Filters for Astrophotography

Filters for Astrophotography

NOTE This article has been published in Amateur Astrophotography Magazineissue #75


In astrophotography, as in conventional photography, what we do is to capture light at a certain moment and record it with the help of our photographic equipment. Formerly using different chemicals, films and papers, and nowadays, using high resolution silicon sensors with great light gathering capacity.


To talk about filters in astrophotography properly it is necessary that we first talk about light, since by understanding its principles we can better understand how filters work.


The light

Light, as we understand it nowadays, is a Wave-Particle combination (it is somewhat complex to explain it here and my knowledge of quantum physics is not as good as I would want, but to fix that, we have the wikipedia). It is made up of "particles" called photons that behave like an electromagnetic wave that moves at the speed of light.


Visible spectrum

Depending on the electromagnetic wave frequency of a light beam, we can locate it among the electromagnetic spectrum. Only a small portion of the electromagnetic spectrum is visible to humans, defined between wavelengths from 380nm to 780nm and called the Visible Spectrum.

The-Light.png


The rest of the electromagnetic spectrum

However, there are multiple frequencies of the electromagnetic spectrum that are not visible to humans, although many of us use them almost daily.

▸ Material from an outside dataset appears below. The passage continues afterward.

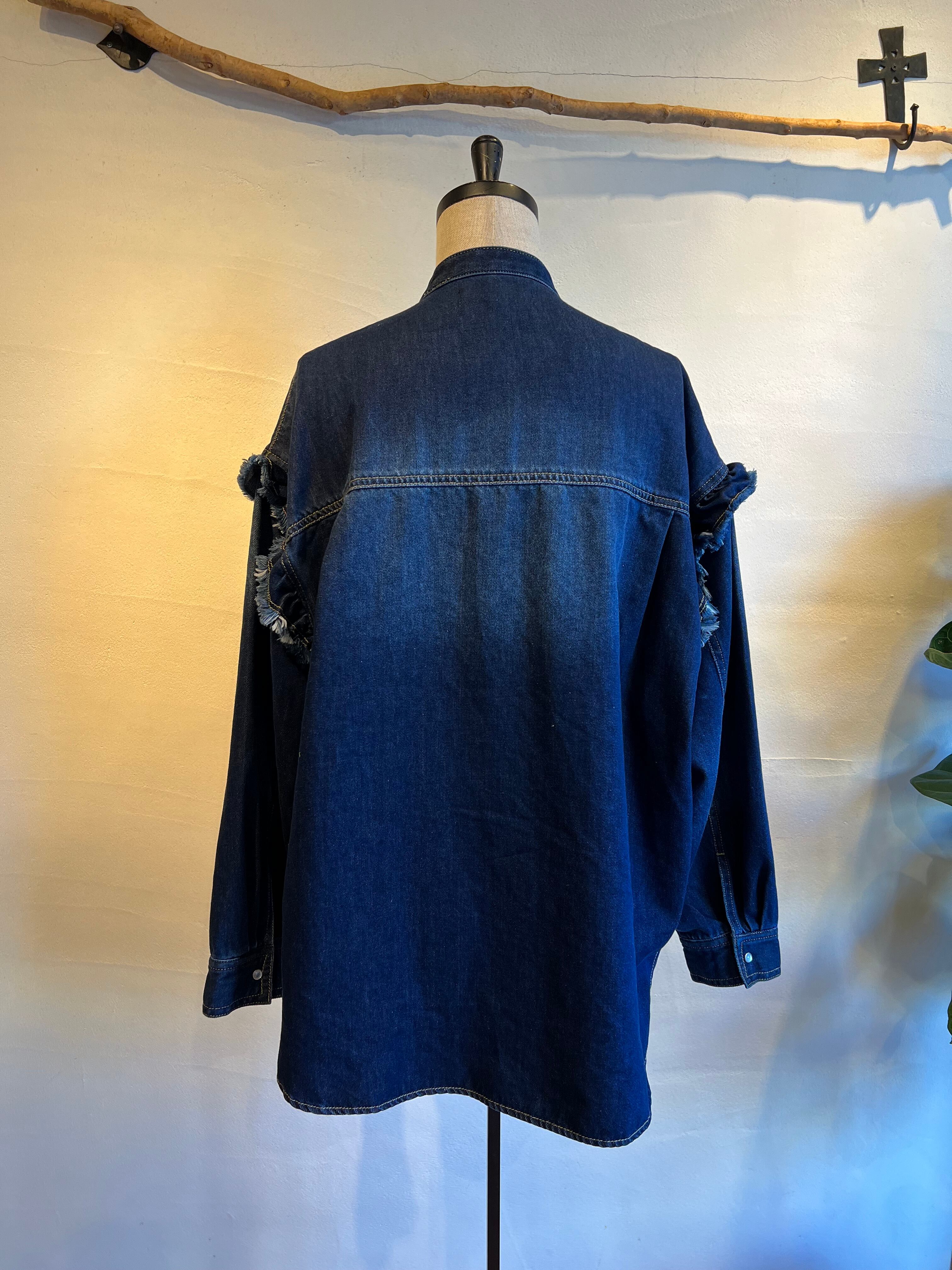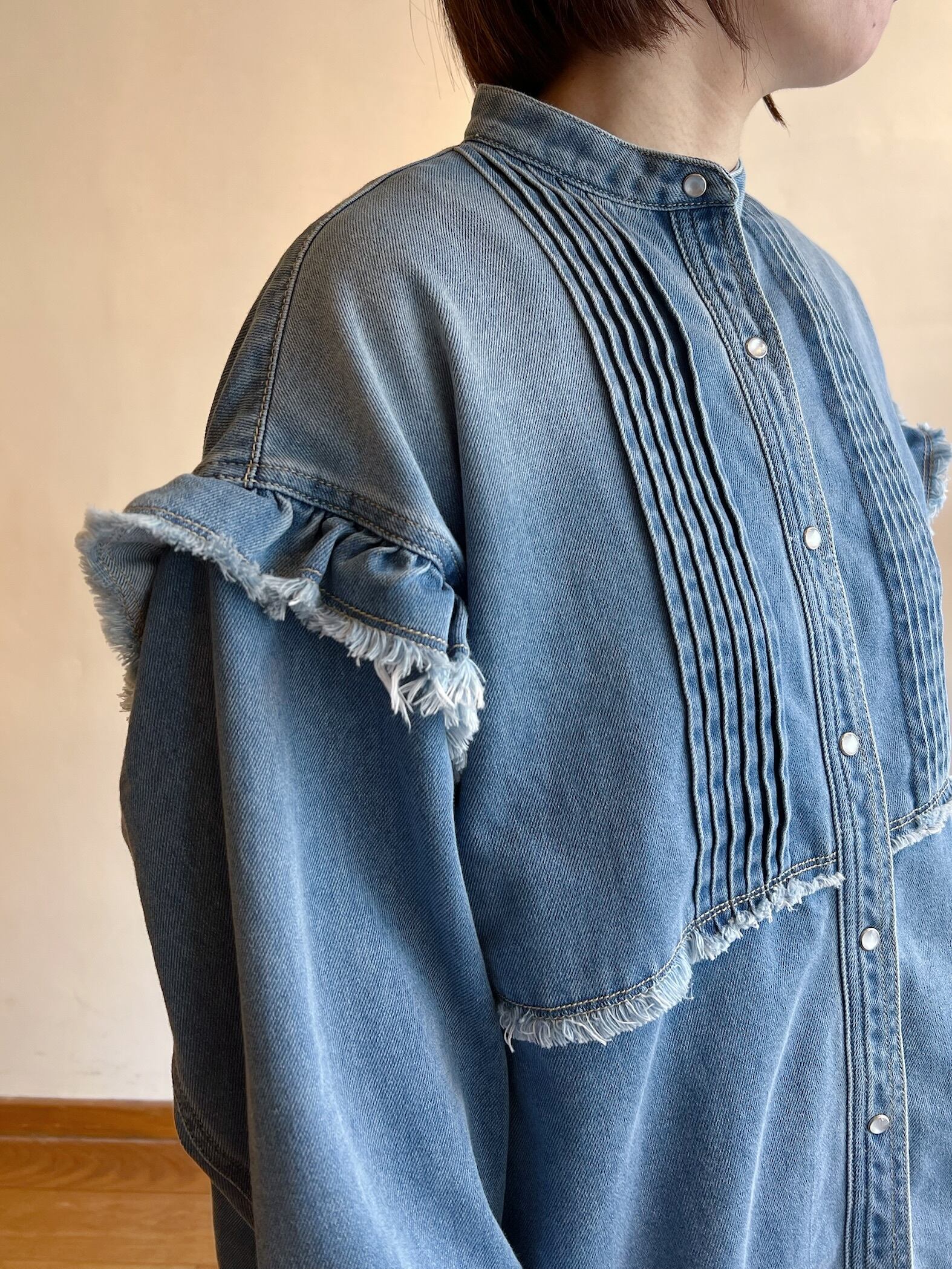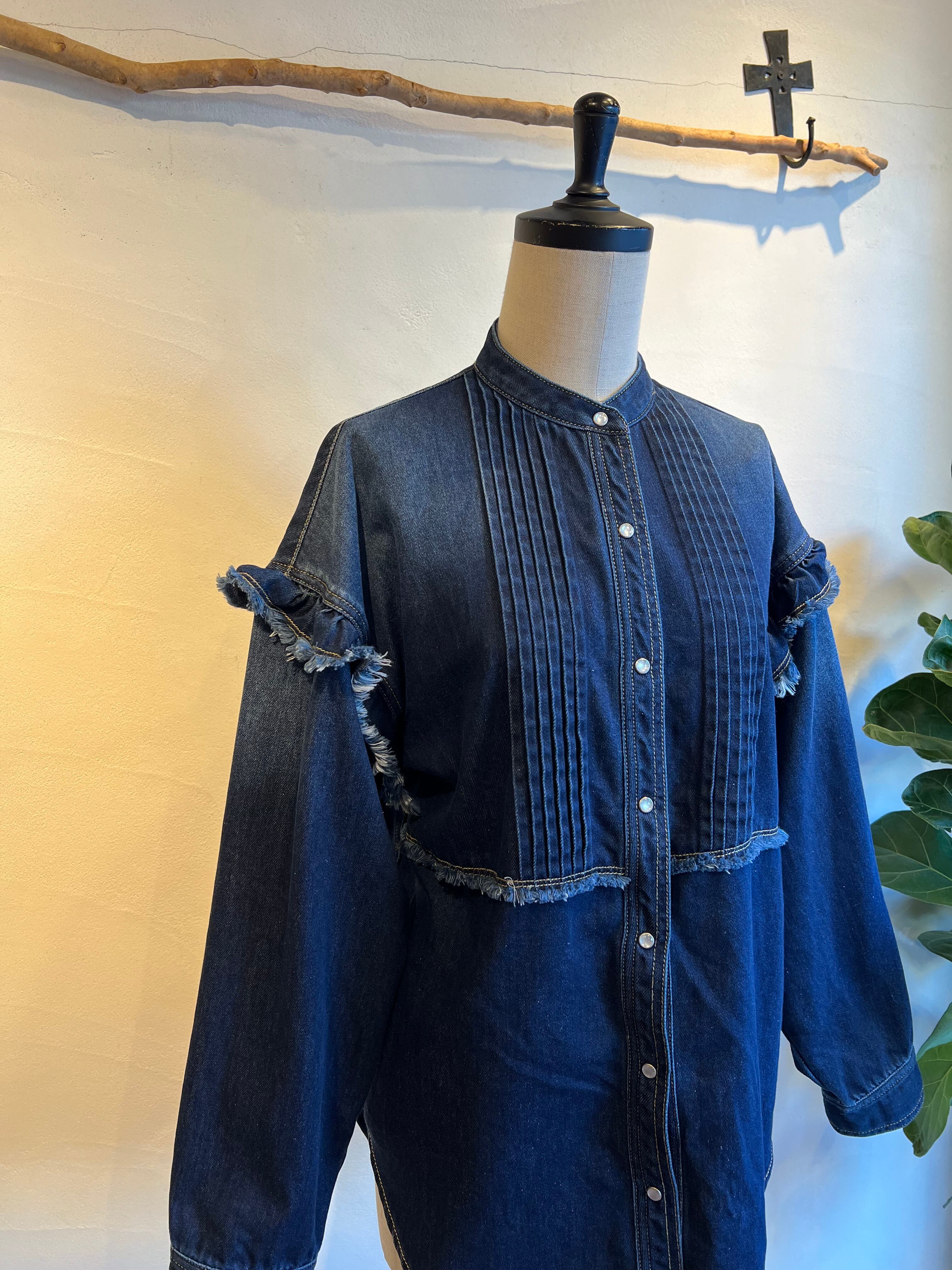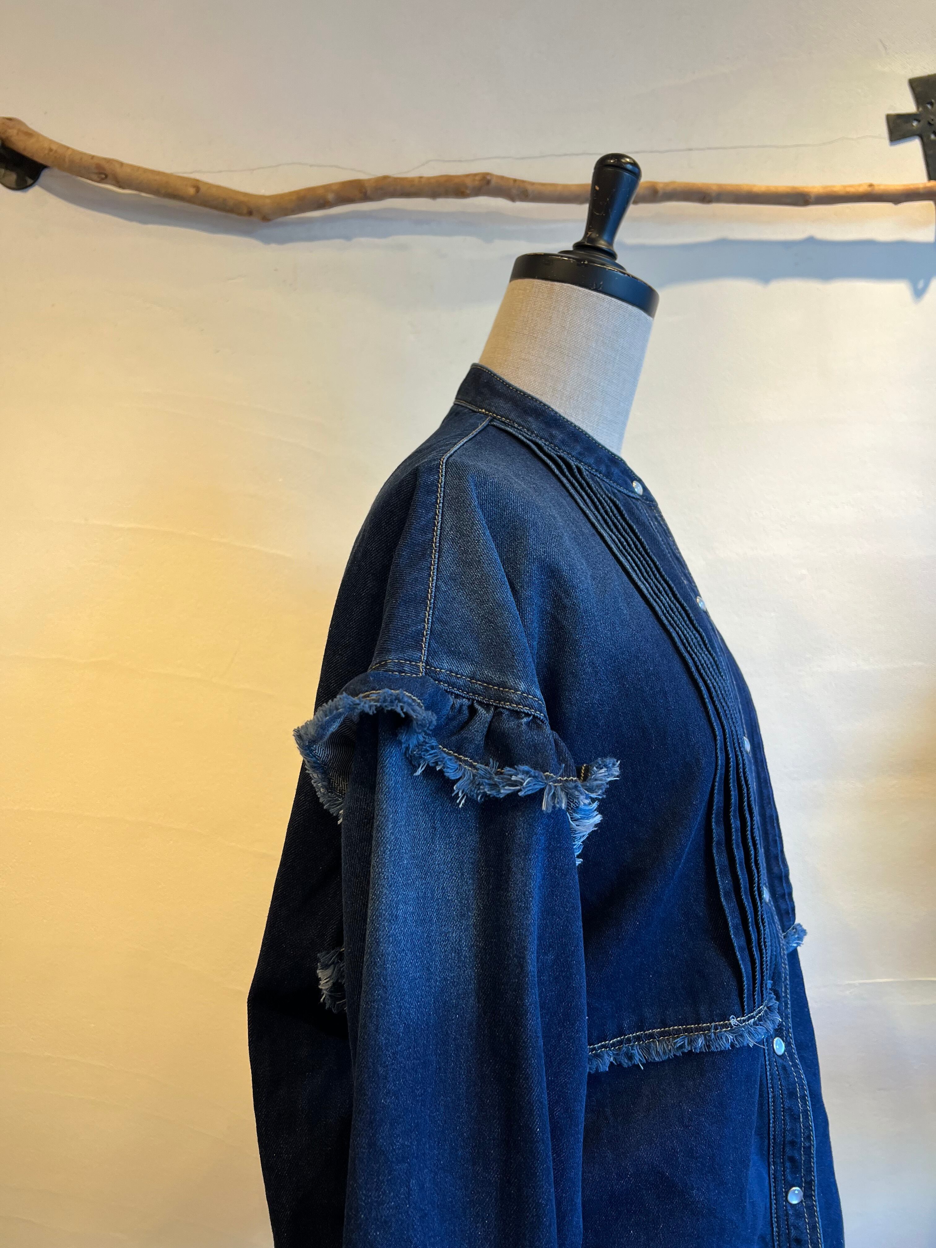 細やかなピンタックとフリルが施されたデニムシャツです。フリルが女性らしさを引き立て、絶妙なカッティングにより、着心地が良く、いろいろなシーンで活躍する一枚。カジュアルに合わせるのはもちろん、スカートと合わせればよりエレガントな印象に。他にはないような存在感抜群のシャツです。

The wavelengths under 380nm belong to the ultraviolet (as its name indicates are those that are beyond violet). In this part of the spectrum are the UV rays (which we receive in small amounts from our sun attenuated by the ozone layer), x-rays (used in medical radiologic diagnostic techniques) and gamma rays (cosmic explosions emit radiation in this part of the spectrum). All of them are high energy rays capable of ionizing matter and breaking chemical bonds, making them dangerous for life.


Wavelengths greater than 780nm are known as infrared. Here are the infrared waves (heat radiation from our body is emitted largely at this frequency), microwaves (which almost all of us use to heat food quickly) and radio waves (mobile in all its bands, WiFi , radio frequency to open the garage, the radio that we listen to in the car and many other examples).


Knowing how the filters work

Now that we know how light behaves we can imagine how a filter works. Basically, when light passes through a filter, certain wavelengths are attenuated or blocked while letting others pass.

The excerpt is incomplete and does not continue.